A review of Aspen and the American Dream by Jenny Stuber

I NEED TO BEGIN THIS COLUMN with an apology to the spirit of this magazine’s cofounders Ed and Martha Quillen. Ed was pretty adamant about not including Crested Butte or any of the recreation-dependent communities in his version of “Central Colorado”; he did not see them as part of the real world of work, making a living and a life. We had one of our ongoing unresolved discussions about that until fate broke it off with his untimely passing. 

But, except for the ag and government sectors, most of us living and working in Central Colorado today are aware of living in a “recreation economy,” whether we work in it directly or work at supporting those who do. And this month I want to do a sort of review of a book about — sorry, Ed — the prototype of the resort-economy town, Aspen. 

“We don’t want to become another Aspen.” This has been a mantra throughout the 50-some years I’ve been in Central Colorado. For most of that time, of course, most of the things that we didn’t like about Aspen began to happen everywhere in the mountain towns anyway — escalating rents for a diminishing number of rental places; a proliferation of ever-larger second, third, fourth or fifth homes, vacant most of the year, for out-of-state part-timers; ever classier and more expensive restaurants and bars; and a cultural “lifestyle” ever more unaffordable for ski bums like I was when I came to Crested Butte in the mid 60s. 

The problem with Aspen has always just been the fact that these problems hit there first — but Aspen has also been working at muddling toward solutions longer than anyone else. A new book, Aspen and the American Dream, is subtitled “How One Town Manages Inequality in the Era of Supergentrification,” and it is the story of one of Aspen’s most valiant efforts to answer the fundamental question: “How is it possible for a town to exist where the median household income is $XY thousand, but the median home price is $Z million?” (“Supergentrification” is generally understood as what’s happening when billionaires price out the millionaires.) 

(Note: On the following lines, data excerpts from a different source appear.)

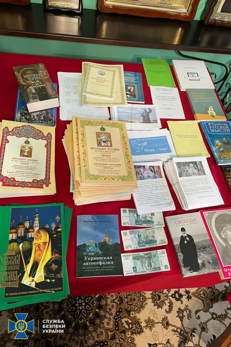 Среди прочего силовики обнаружили пророссийскую литературу, которая используется во время обучения в семинарии и приходских школах, в том числе для пропаганды «русского мира».
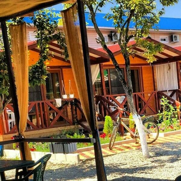 Гостевой дом представляет из себя одноэтажные домики-номера с отдельным входом, а также занимает благоустроенную территорию - всего в 550 метрах от моря.
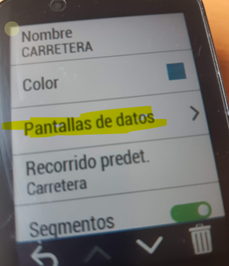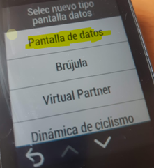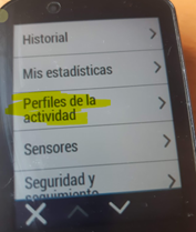 Enciende el Garmin, ve a las opciones, perfiles de actividad y elige el perfil donde quieres añadir el campo de datos:
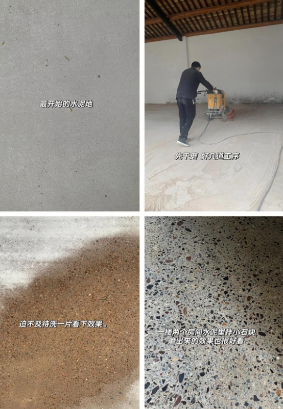 有人分享过自己做水磨石的经历:浇水泥地面的时候,在水泥里掺了些小石头,等水泥固化后,再把地面打磨平整,就做出了水磨石的效果。
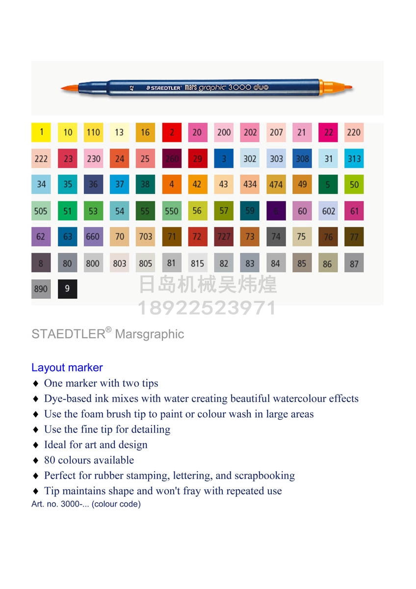 | 產(chǎn)品名 | 德國施德樓STAEDTLER MARS 3000補色筆/修色筆/畫(huà)紗筆/幻彩筆/化妝筆 |

The author, Jenny Stuber, is a professor of sociology at the University of North Florida — not immediately a Colorado credential. But she has been coming to Aspen since she was five to spend time with her father and once got a ride to Aspen in John Denver’s private plane because the famous singer and her woodworker father, a PTSD Vietnam vet, became friends while the latter was making furniture for the former. So she knows intimately, even passionately, the kind of town the remaining Aspen “locals” want to sustain: a place where the lines between “friendship and economic interdependence” was blurred despite “stark differences of power and wealth,” and a kind of “class egalitarianism” resulted. 

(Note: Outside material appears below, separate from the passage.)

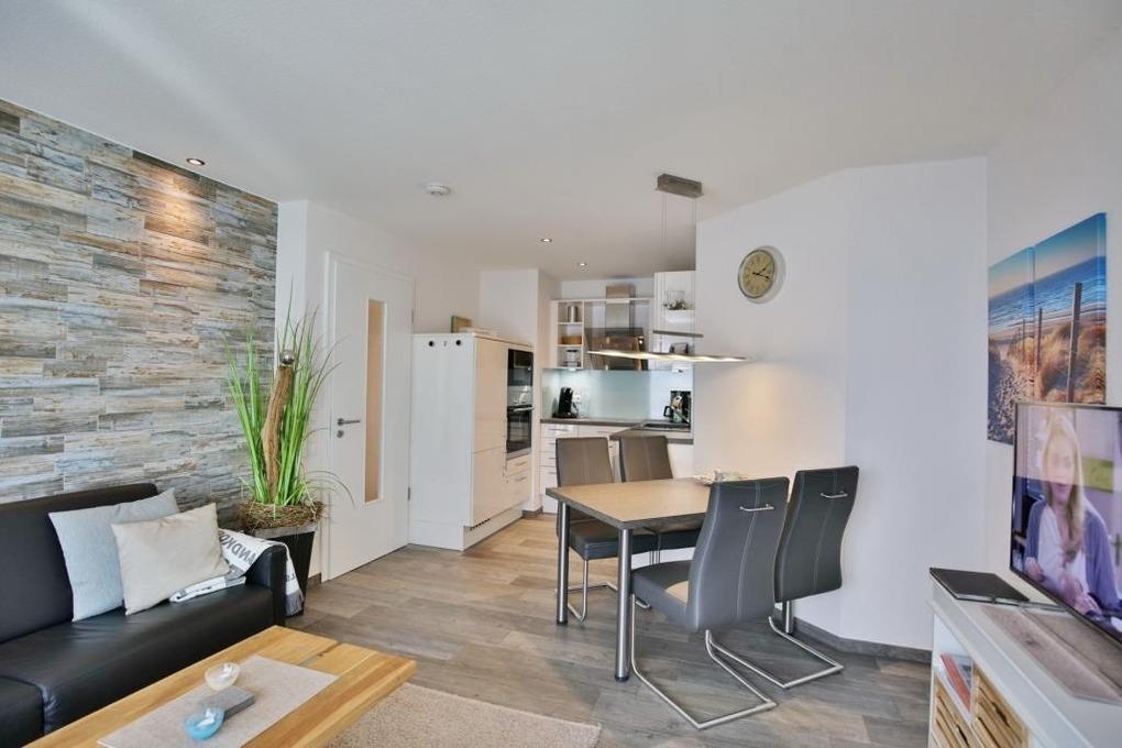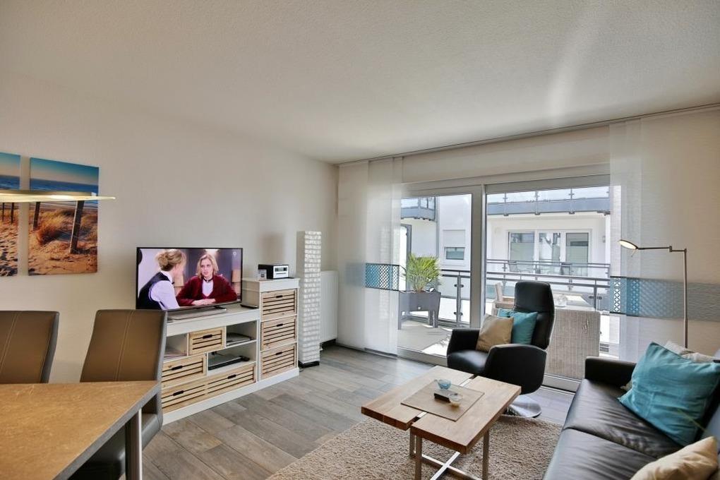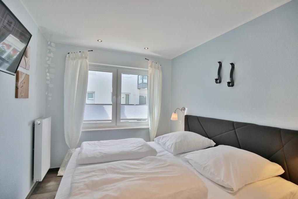 Schöne 2-Raum-Neubau-Wohnung auf der 1. Etage, zentrumsnah in Duhnen. Vollständige Küchenzeile mit Mikrow, Backofen, Geschirrspüler etc. Wohnzimmer mit Schlafcouch und Balkon (west) , 2x SAT-TV, Stereoanlage, kostenfreies W-Lan, separates Schlafzimmer mit franz. Doppelbett, Außenjalousien [&] Moskitonetz, ebenerdige Dusche/WC, reservierter Pkw-Stellplatz in der Tiefgarage #5, keine Haustiere und natürlich Nichtraucher.

Her book is the result of the fortuitous coincidence of a sabbatical year for her in 2016-17 and an unprecedented and courageous decision by the Aspen City Council to declare a one-year moratorium on all new construction while the council and its voting public tried to decide what the town needed to do to sustain that egalitarian “character” and how to revise the city’s land use code to move the town socially and economically in that direction. 

This created an unusually open, articulate and frank public discourse about “place-making” — the attempt to institutionalize politically and economically, in carrots and sticks, the cultural and social mores that inhabitants feel are the place — an unusually fortuitous opportunity for a disciplined sociologist in a place she also happened to love. The more formal discourse of public meetings is augmented through the book by many interviews with locals, developers and part-timers — including a chapter on the Latinos upon whom the Aspen economy depends. 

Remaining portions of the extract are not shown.